Man killed at hospital was fugitive convict
PORTLAND — A 50-year-old convict left unguarded to fly to Denver and report to a halfway house for eventual release instead skipped out and robbed a bank before Portland police shot him to death, authorities said Tuesday.
The man was identified Tuesday as 50-year-old Merle Mikal Hatch. His mother and law enforcement officials said he had a record of violent and drug-related crimes.
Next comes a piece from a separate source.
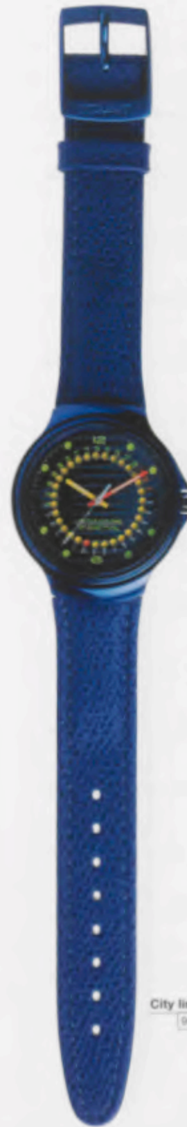
City limit 940.0048.20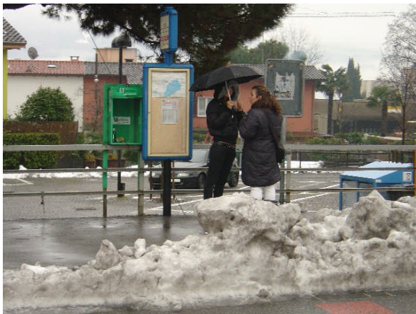
Linea 31, Crocifisso direzione Tenero

He had been serving a 10-year bank robbery sentence.
A U.S. Bureau of Prisons vehicle delivered him from the medium-security facility at Sheridan in Yamhill County to the airport in Portland for a Feb. 12 flight to Denver.
He was unguarded after that and didn't show up later in the day at the halfway house, also known as a re-entry center, said Paul Thompson, an official at the Sheridan prison.
Three days later, the Clackamas County sheriff's office said, he held up a Wells Fargo bank office in Clackamas.
Two days after that, on Sunday night, he checked into the emergency room of Portland Adventist Medical Center and had a black handgun, Portland police said.
He threatened a hospital employee, left the building and pointed the gun at a security car in an employee parking lot before three police officers fired at him.
An autopsy Tuesday determined he died of multiple wounds.
The Portland Police Bureau hasn't provided much detail about the officers’ confrontation with Hatch, except to say that they “began giving him commands” and then they fired.
A police statement said it expected to provide an account Wednesday, after the officers have been interviewed.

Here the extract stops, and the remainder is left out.